## WORK ORDER
Read through the listing below, and copy every line where the string "Donald" appears.

## SOURCE INFORMATION
◆ ◆ ◆

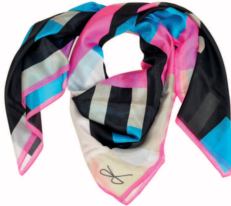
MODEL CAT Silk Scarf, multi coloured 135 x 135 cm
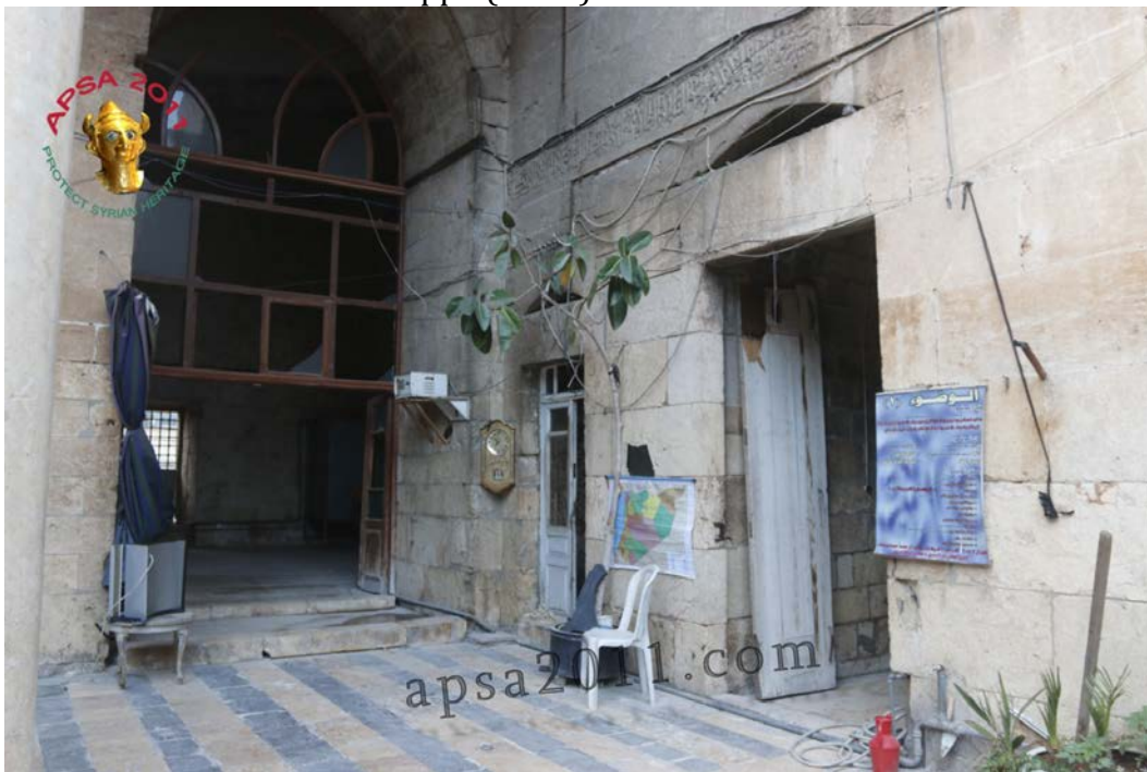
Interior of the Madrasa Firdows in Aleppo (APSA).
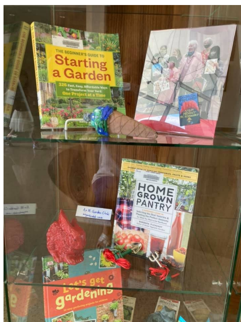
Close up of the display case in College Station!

◆ ◆ ◆

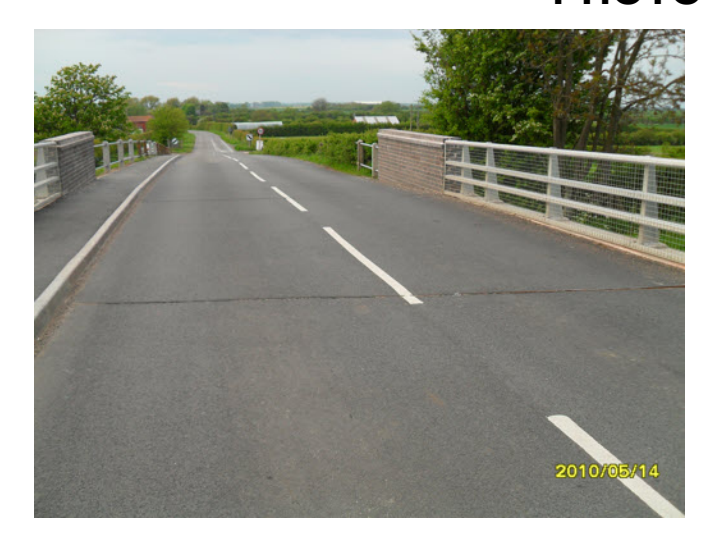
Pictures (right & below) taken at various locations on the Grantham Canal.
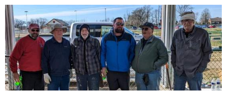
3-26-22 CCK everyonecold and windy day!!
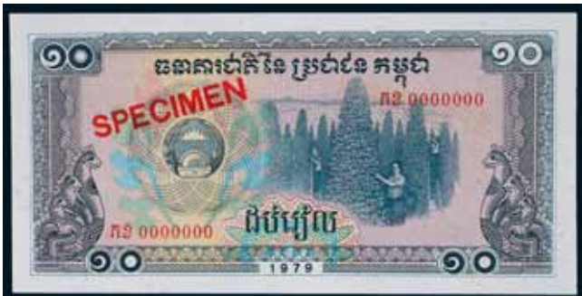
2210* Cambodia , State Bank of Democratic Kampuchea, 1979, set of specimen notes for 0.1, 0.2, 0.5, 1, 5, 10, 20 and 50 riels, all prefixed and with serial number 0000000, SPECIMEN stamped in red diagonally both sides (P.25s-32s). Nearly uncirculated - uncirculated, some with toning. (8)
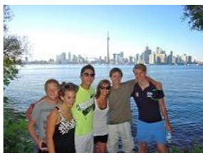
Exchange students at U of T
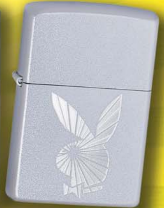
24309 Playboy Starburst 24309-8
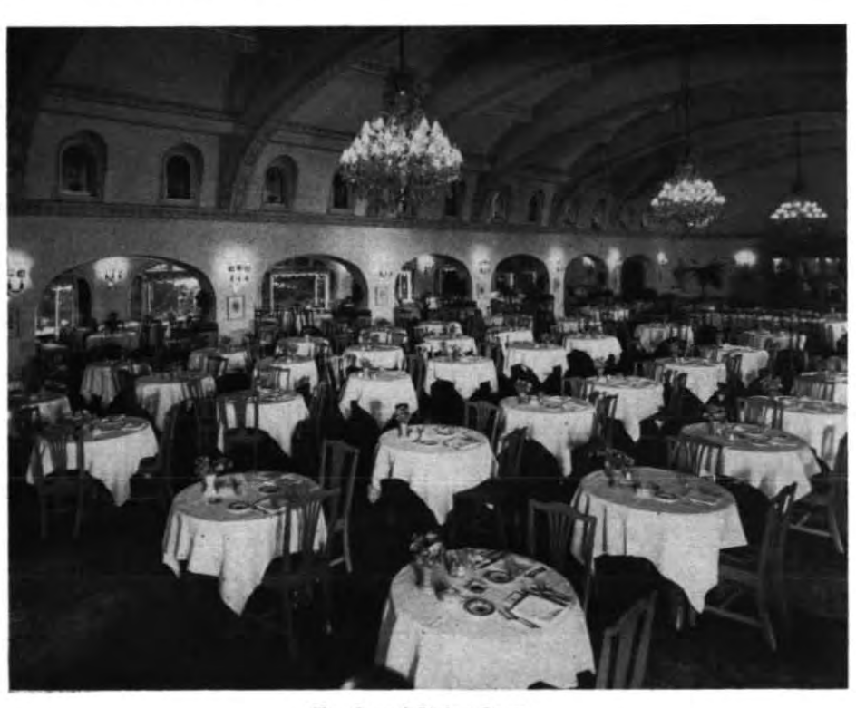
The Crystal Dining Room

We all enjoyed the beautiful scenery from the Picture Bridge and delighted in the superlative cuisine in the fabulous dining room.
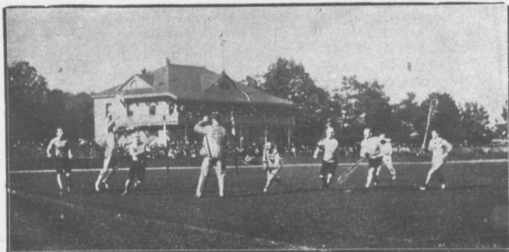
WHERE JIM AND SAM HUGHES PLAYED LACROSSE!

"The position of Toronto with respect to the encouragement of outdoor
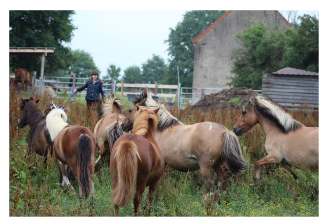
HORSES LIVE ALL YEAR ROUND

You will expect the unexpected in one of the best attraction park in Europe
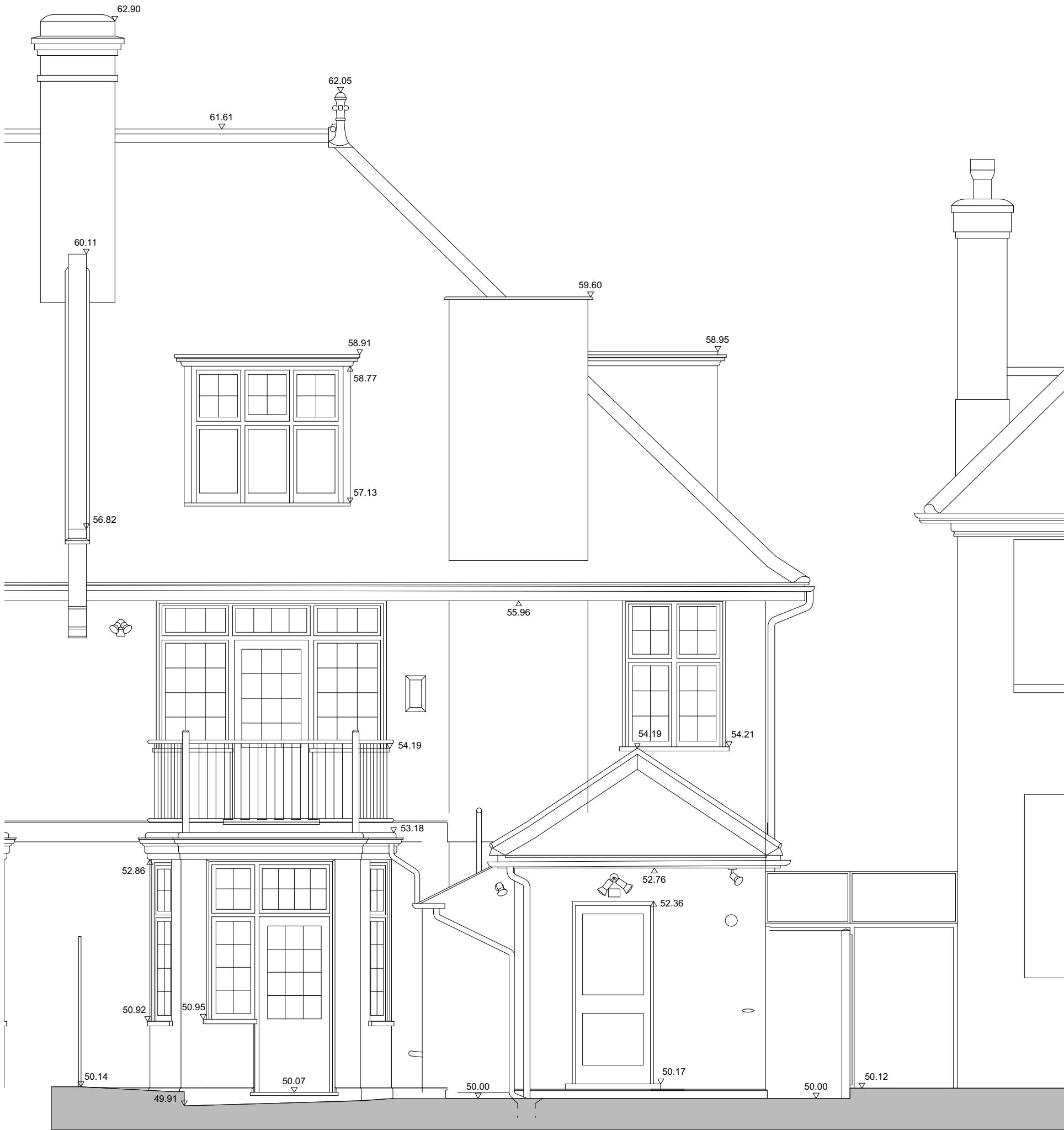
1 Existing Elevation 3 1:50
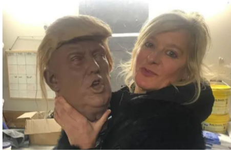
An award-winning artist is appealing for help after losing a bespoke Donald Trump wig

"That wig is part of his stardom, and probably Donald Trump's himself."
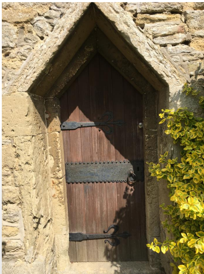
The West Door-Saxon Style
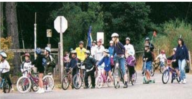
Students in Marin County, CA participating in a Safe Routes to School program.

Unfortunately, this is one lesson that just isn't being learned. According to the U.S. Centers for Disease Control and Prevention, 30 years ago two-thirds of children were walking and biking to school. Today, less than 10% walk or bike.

◆ ◆ ◆

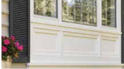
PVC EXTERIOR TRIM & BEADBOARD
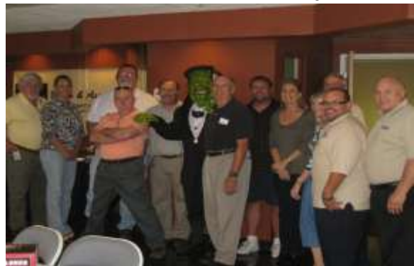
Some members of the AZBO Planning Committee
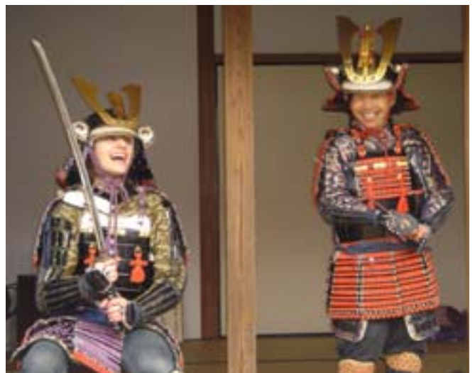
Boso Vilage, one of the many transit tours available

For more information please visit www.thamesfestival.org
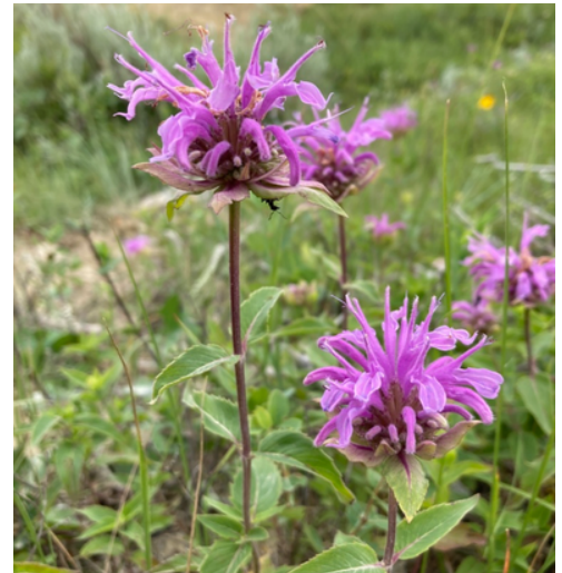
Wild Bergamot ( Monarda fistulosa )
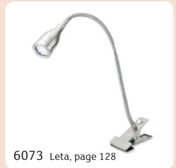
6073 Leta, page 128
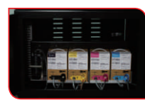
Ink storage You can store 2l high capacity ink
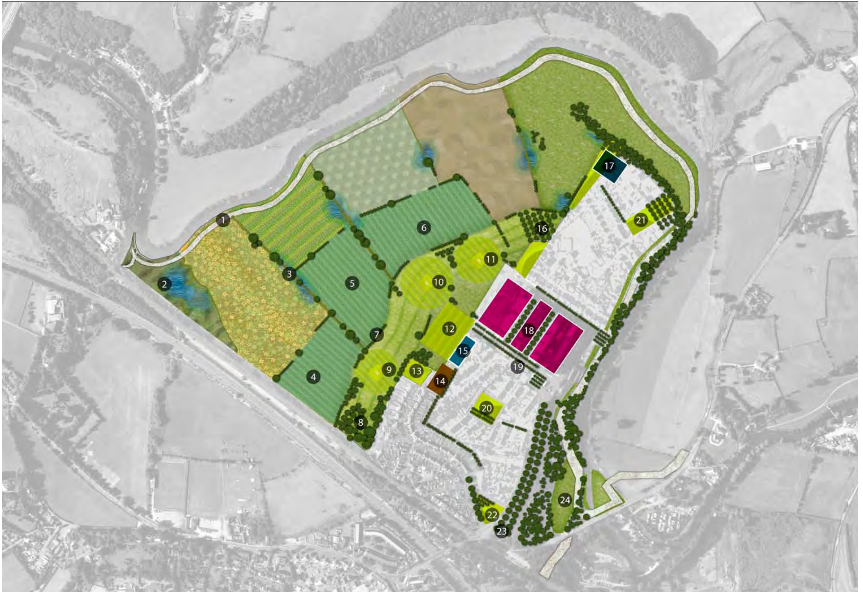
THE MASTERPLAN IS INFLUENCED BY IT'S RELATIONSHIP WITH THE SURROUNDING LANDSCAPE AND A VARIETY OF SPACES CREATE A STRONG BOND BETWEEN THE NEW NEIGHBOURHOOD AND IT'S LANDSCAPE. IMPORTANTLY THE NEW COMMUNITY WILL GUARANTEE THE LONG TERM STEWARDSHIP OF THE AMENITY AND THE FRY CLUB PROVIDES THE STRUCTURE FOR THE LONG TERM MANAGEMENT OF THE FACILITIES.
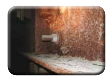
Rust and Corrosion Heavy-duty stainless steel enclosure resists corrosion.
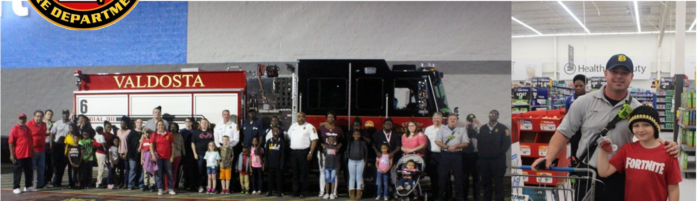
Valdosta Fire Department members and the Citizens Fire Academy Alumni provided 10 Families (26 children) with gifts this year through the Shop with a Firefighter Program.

◆ ◆ ◆

## TASK SOLUTION
An award-winning artist is appealing for help after losing a bespoke Donald Trump wig
"That wig is part of his stardom, and probably Donald Trump's himself."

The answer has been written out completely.